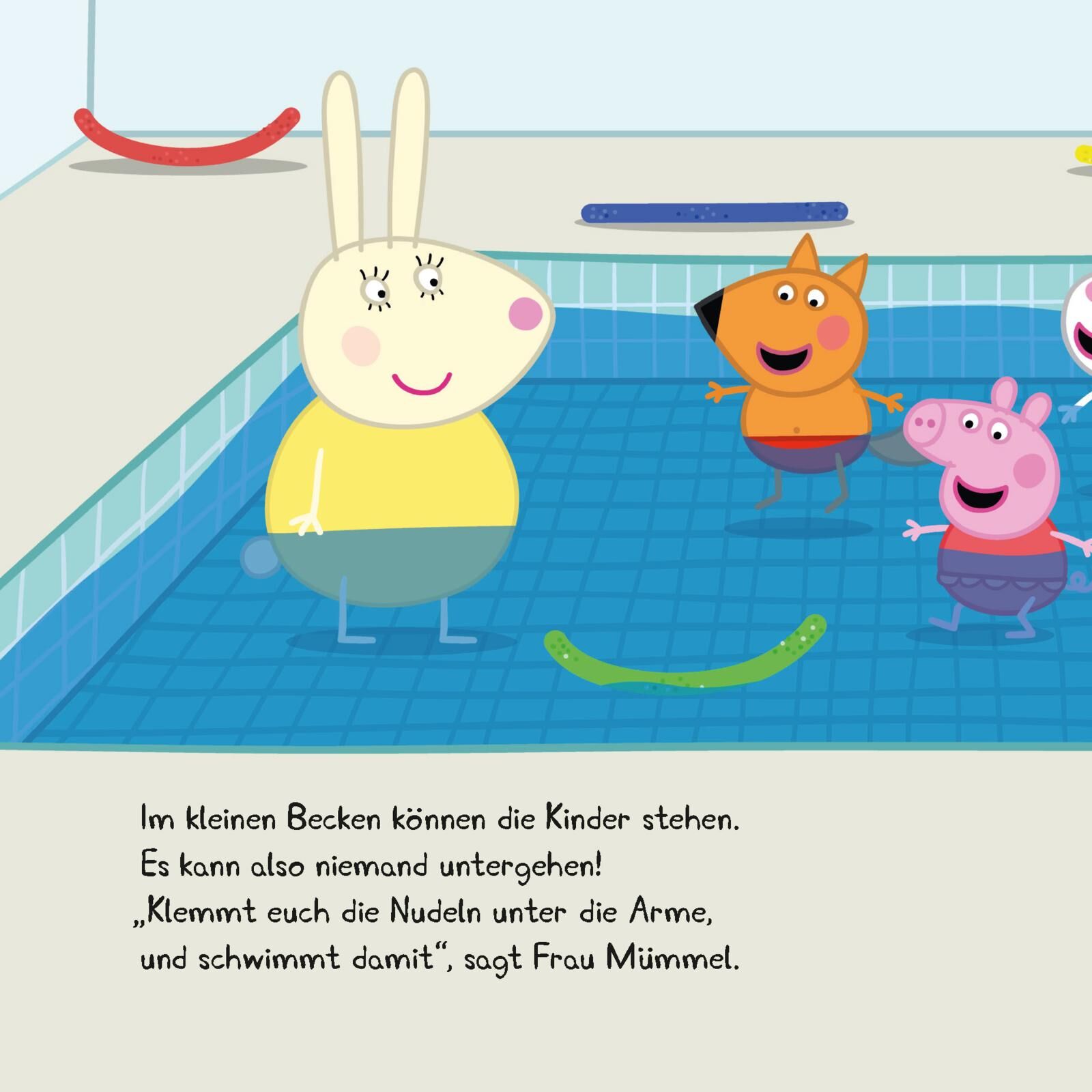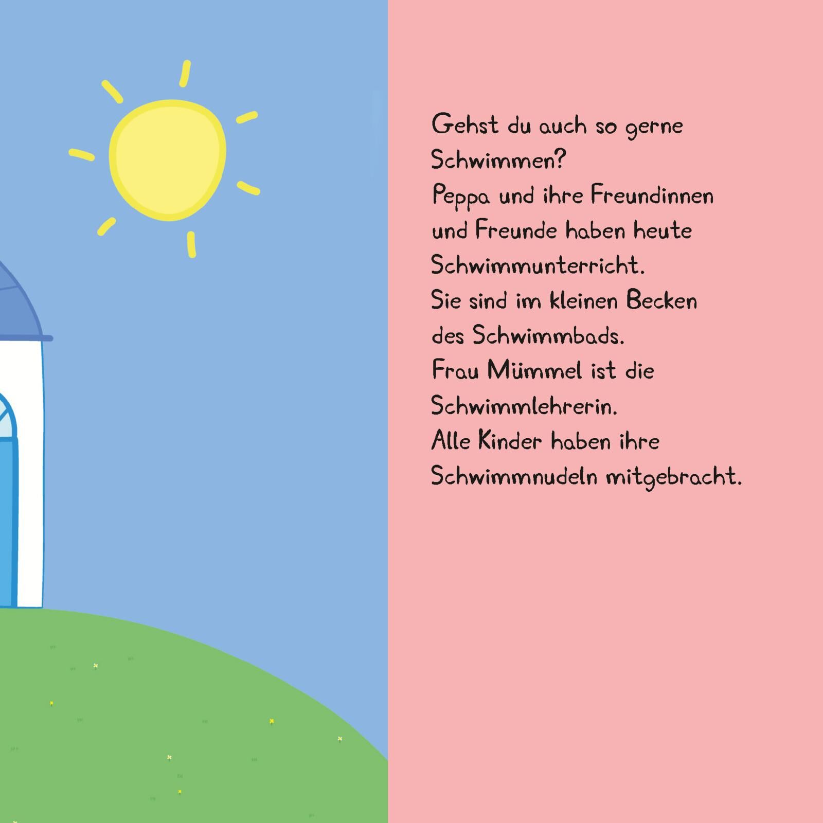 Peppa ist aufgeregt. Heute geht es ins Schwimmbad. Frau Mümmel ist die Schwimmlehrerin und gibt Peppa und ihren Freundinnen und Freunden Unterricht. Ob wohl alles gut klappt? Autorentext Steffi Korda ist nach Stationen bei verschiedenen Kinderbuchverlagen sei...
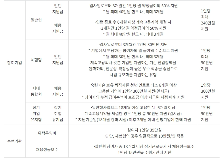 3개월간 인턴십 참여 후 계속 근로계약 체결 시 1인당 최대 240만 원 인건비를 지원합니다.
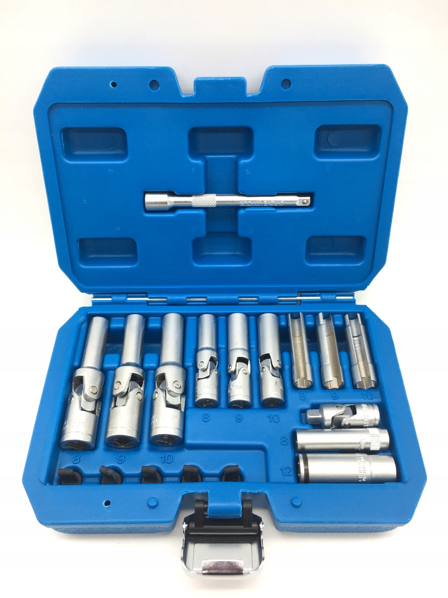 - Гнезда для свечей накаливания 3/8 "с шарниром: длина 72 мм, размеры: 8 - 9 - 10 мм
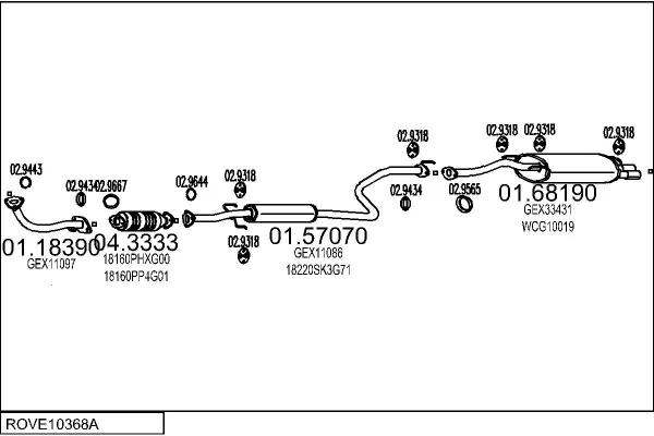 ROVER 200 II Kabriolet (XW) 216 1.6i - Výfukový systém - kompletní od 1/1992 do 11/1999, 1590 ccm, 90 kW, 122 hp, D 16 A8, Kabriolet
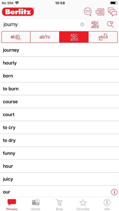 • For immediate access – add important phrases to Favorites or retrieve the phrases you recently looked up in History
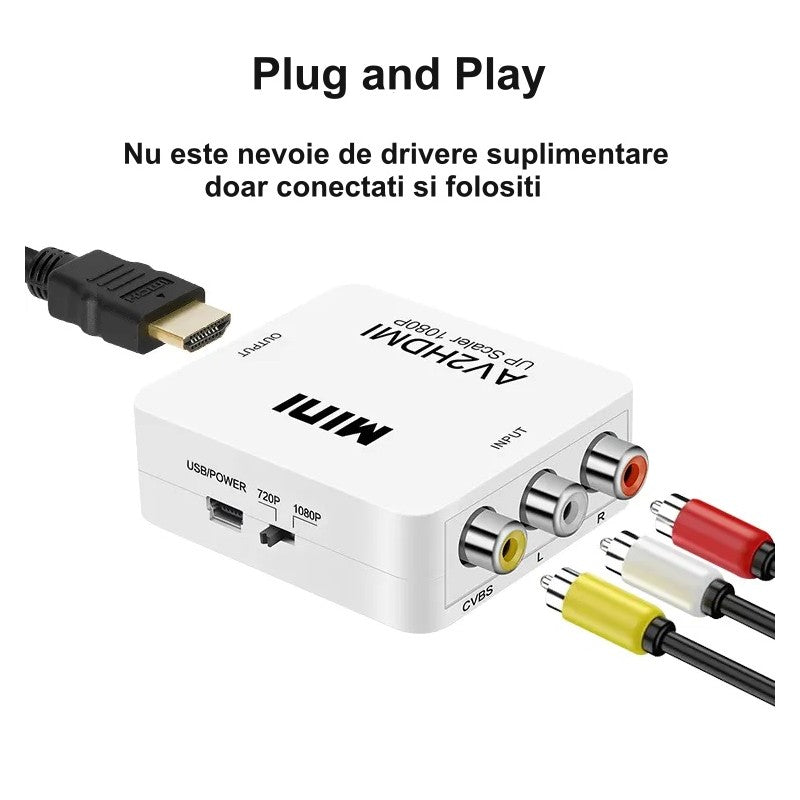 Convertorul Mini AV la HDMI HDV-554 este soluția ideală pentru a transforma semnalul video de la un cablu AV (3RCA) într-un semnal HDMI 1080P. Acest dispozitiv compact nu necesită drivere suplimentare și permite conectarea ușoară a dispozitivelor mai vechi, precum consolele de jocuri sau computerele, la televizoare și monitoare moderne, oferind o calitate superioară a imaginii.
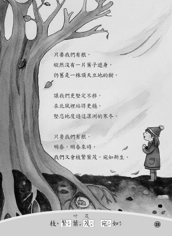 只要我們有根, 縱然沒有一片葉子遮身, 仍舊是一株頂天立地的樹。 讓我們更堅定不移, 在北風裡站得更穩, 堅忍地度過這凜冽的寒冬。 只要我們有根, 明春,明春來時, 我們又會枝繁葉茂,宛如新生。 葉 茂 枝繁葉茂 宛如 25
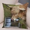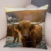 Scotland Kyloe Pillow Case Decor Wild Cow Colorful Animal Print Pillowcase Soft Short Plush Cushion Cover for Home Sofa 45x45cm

==

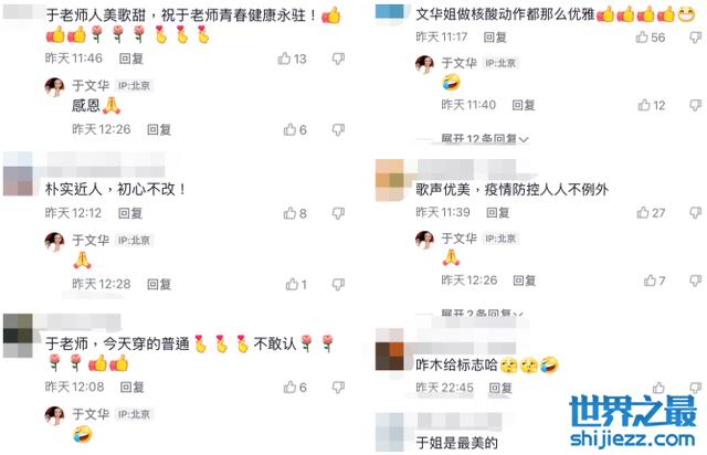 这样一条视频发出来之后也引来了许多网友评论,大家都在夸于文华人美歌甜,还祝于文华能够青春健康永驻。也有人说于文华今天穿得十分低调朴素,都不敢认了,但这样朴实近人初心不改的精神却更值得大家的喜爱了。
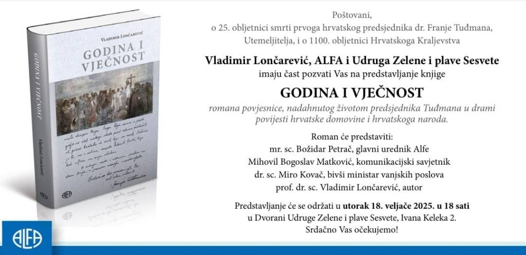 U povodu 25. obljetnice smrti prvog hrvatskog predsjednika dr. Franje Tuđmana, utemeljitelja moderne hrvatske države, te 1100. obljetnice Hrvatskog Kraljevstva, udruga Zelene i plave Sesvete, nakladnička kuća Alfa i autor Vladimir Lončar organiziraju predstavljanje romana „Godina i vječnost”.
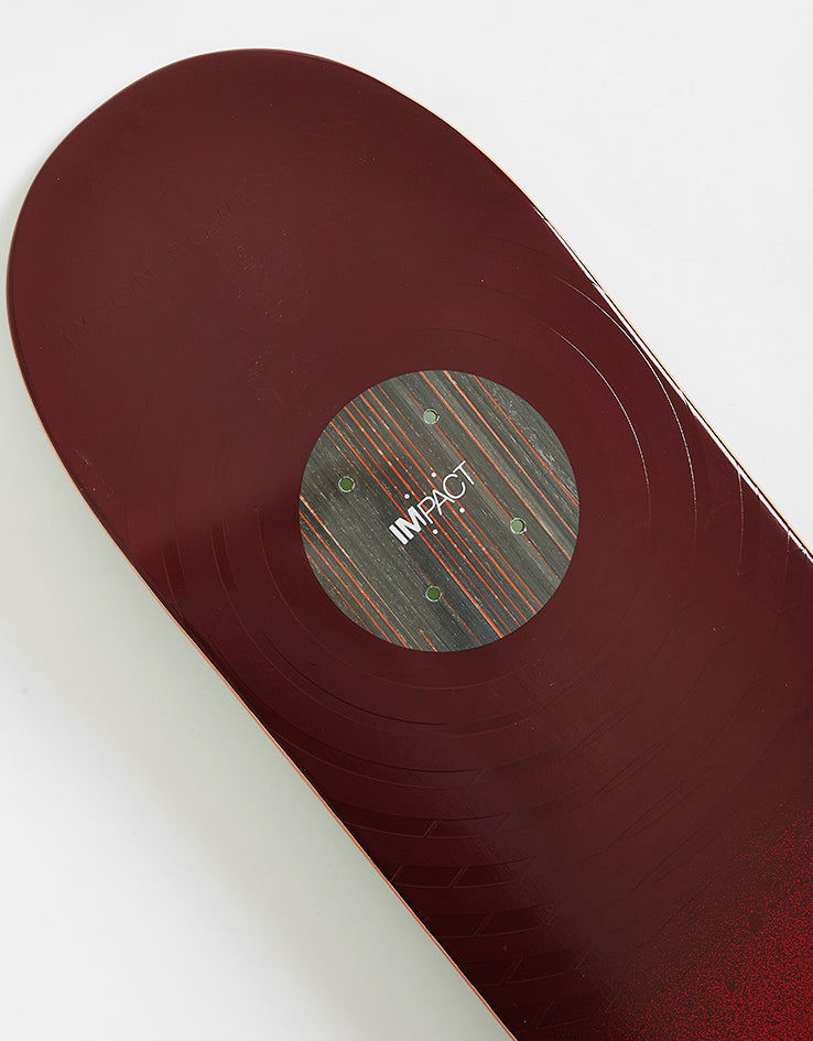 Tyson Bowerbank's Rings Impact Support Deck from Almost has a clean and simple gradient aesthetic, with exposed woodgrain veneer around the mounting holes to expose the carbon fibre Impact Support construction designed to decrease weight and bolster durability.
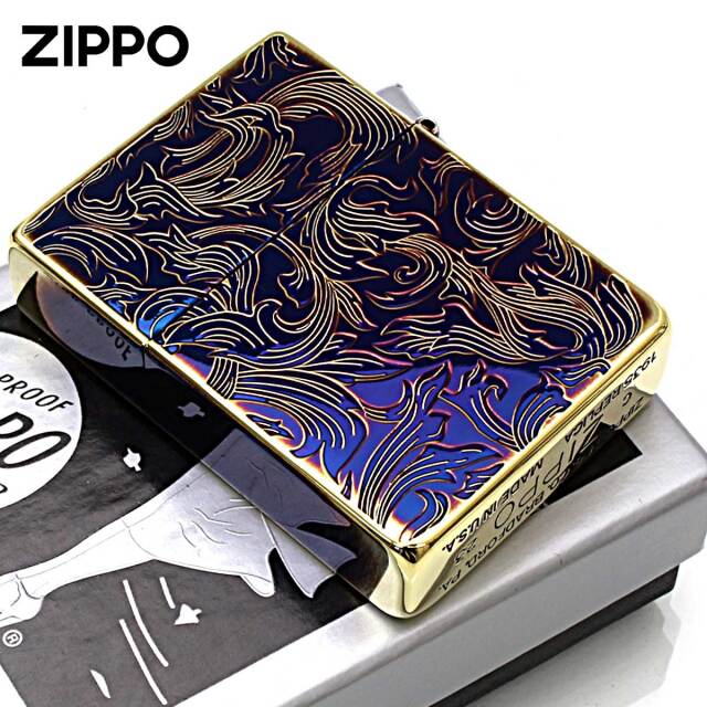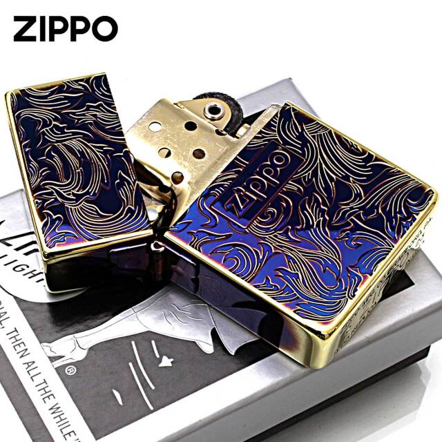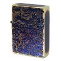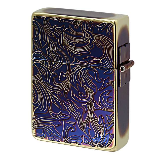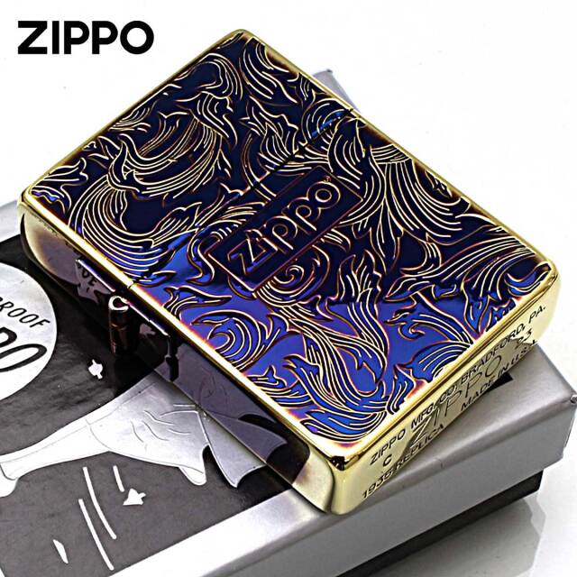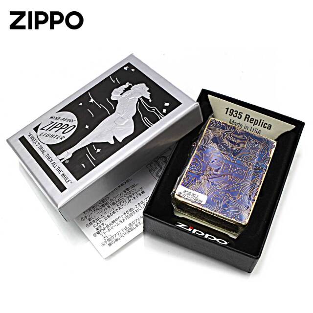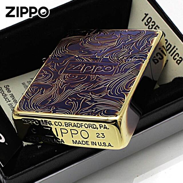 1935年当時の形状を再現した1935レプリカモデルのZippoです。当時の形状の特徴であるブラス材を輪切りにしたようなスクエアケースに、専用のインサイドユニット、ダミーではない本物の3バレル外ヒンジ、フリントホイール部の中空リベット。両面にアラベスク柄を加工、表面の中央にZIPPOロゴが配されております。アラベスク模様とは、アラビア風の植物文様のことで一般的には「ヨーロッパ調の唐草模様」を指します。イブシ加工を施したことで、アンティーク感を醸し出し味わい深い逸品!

==

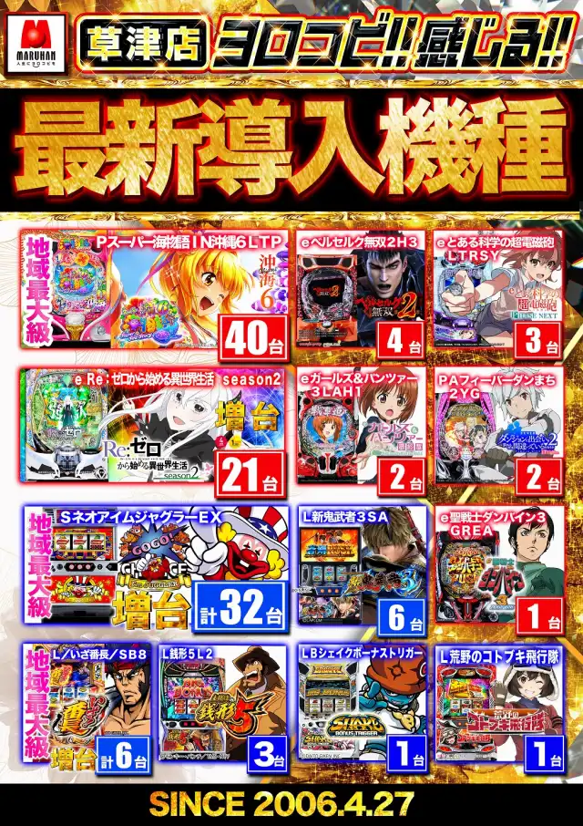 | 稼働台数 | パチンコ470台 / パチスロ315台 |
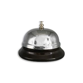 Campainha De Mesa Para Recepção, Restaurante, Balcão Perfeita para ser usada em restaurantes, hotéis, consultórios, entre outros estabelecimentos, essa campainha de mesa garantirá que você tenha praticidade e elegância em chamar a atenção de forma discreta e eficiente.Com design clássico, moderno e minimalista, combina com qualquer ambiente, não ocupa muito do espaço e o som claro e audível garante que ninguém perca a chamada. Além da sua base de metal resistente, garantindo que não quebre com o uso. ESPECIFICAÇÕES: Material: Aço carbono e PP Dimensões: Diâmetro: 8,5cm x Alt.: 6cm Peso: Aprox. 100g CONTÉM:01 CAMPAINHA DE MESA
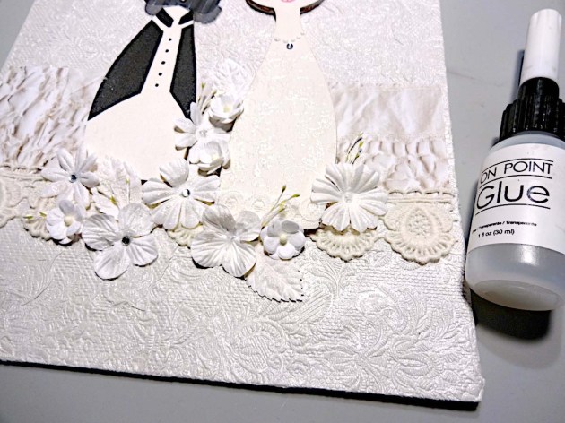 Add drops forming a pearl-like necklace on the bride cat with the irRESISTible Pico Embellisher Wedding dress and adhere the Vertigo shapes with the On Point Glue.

■ TASK OBJECTIVE
Each line above that falls between the line with "- Гнезда для" and the line with "Scotland Kyloe Pillow" should be printed exactly, together with those two lines, but the pictures should not.

■ TASK OUTPUT
 - Гнезда для свечей накаливания 3/8 "с шарниром: длина 72 мм, размеры: 8 - 9 - 10 мм
 ROVER 200 II Kabriolet (XW) 216 1.6i - Výfukový systém - kompletní od 1/1992 do 11/1999, 1590 ccm, 90 kW, 122 hp, D 16 A8, Kabriolet
 • For immediate access – add important phrases to Favorites or retrieve the phrases you recently looked up in History
 Convertorul Mini AV la HDMI HDV-554 este soluția ideală pentru a transforma semnalul video de la un cablu AV (3RCA) într-un semnal HDMI 1080P. Acest dispozitiv compact nu necesită drivere suplimentare și permite conectarea ușoară a dispozitivelor mai vechi, precum consolele de jocuri sau computerele, la televizoare și monitoare moderne, oferind o calitate superioară a imaginii.
 只要我們有根, 縱然沒有一片葉子遮身, 仍舊是一株頂天立地的樹。 讓我們更堅定不移, 在北風裡站得更穩, 堅忍地度過這凜冽的寒冬。 只要我們有根, 明春,明春來時, 我們又會枝繁葉茂,宛如新生。 葉 茂 枝繁葉茂 宛如 25
 Scotland Kyloe Pillow Case Decor Wild Cow Colorful Animal Print Pillowcase Soft Short Plush Cushion Cover for Home Sofa 45x45cm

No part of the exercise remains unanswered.